Without traveling to the outermost Okinawan islands or the extremities of Hokkaido, it's hard to get further away from it all in Japan than the Shimokita peninsula. It's a beautiful place to spend a leisurely day or three exploring but, with it being so remote, places to stay are few and far between. When I was there I stayed at the hostel in Wakinosawa, which is comfortable and convenient for transport, and provides good meals into the bargain.

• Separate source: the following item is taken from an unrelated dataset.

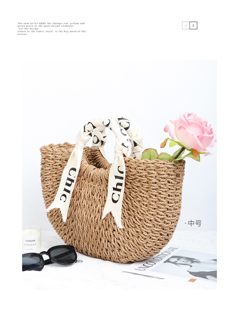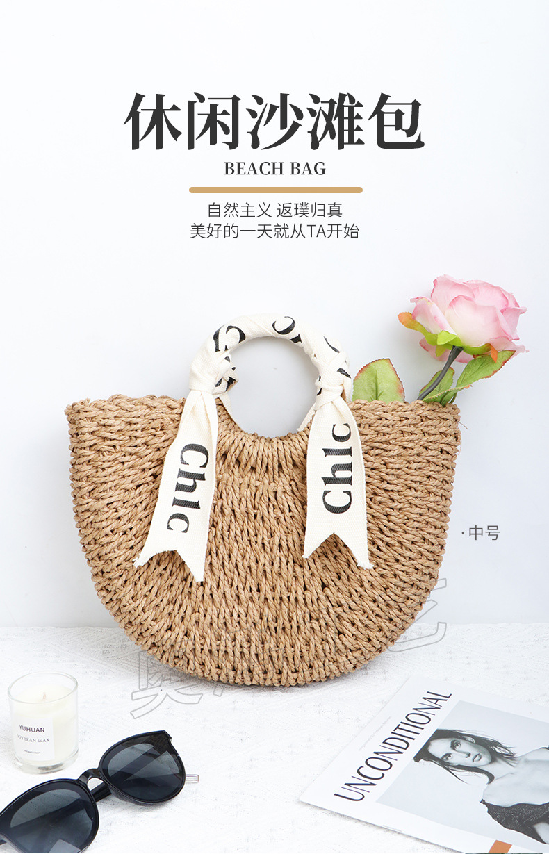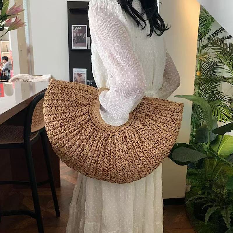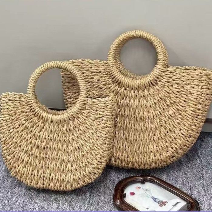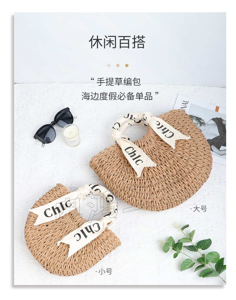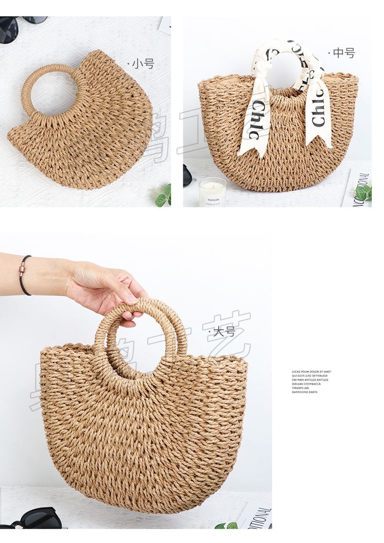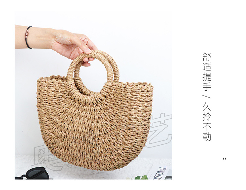 シンプルな売れ筋わらバッグ新しい日本と韓国スタイルの織バッグ半円形ビーチバッグポータブルラウンド紙ロープ織バッグ女性用

It's a sturdy-looking rustic-style building with a small garden at the front, which will be a pleasant place to hang out in better weather than I had. The dorms look cosy, with wooden bunks arranged around a raised tatami platform, but I was given one of the eight-tatami rooms to myself: this felt more like a guesthouse room, with its low table and floor chairs, and I had my own little TV on the cabinet in the corner. There's a kind of Scandinavian feel throughout the building, with lots of wood flooring, paneling and furnishings, and pictures of the local flora and fauna on every wall.
It's close to the town, just five or ten minutes' walk to the bus stop for the bus across to Mutsu and Osore-zan, and to the port for ferries to Aomori city, across to the Tsugaru coast, or north up the rugged coast to the dramatic scenery of the Hotokegaura cliffs. Walking away from town, I went past some striking offshore rocks to come to some trails through the forested hills along the coast, allegedly inhabited by local monkeys and serow, a local deer-like animal; I was lucky enough to see a few of the serow happily grazing in the woods.

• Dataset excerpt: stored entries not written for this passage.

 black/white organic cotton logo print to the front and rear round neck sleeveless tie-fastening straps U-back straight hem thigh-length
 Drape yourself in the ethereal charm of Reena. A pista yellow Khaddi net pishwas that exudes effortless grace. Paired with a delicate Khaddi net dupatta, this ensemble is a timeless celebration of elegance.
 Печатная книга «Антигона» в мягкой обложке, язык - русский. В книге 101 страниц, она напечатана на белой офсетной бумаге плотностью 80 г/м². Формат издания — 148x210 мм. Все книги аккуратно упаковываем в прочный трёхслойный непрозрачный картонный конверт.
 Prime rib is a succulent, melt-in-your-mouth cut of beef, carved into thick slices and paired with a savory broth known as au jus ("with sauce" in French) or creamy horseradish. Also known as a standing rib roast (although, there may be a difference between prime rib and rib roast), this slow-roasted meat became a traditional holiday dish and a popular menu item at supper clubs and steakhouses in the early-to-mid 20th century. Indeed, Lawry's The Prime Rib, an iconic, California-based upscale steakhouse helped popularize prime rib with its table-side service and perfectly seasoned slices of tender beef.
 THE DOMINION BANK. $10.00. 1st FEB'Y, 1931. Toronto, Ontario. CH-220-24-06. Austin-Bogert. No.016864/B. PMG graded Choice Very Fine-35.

I didn't manage to find any eating options in the town other than a couple of small grocery stores, so I decided to have my dinner at the hostel, and for just ¥1000 enjoyed one of the best meals of my trip, a hearty trayload of fresh salad, seafood, omelette, rice, soup and pickles. You need to tell the staff in advance that you want to eat there, which I highly recommend!

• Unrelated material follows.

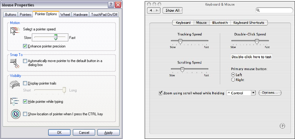 screen, and then select the “Pointer Options”. After you have made your changes; select “Apply”,
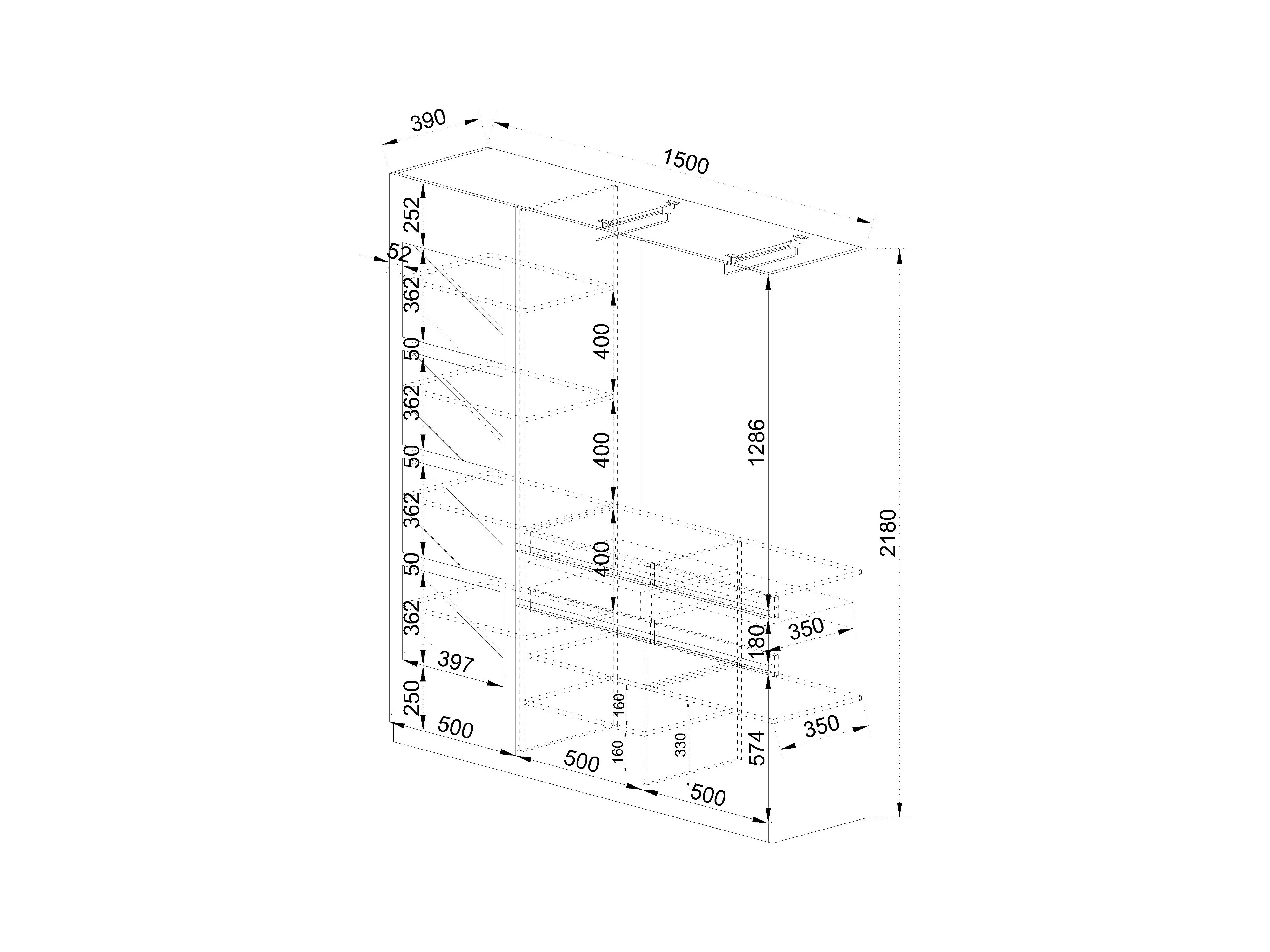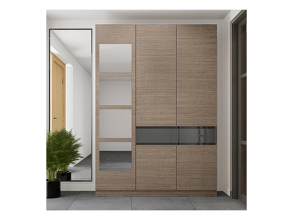 Mobile ingresso 150x218 cm marrone moka e grigio lucido con 4 specchi II25

The only drawback is that booking is a little awkward: it's not possible to make a reservation online, I had no response to a couple of emails, and the staff speak only Japanese, so if you don't speak the language you'll need to ask someone to telephone for you. However, it definitely rewards the effort, as it's a good base from which to see the coastline, scenery and wildlife that the area has to offer.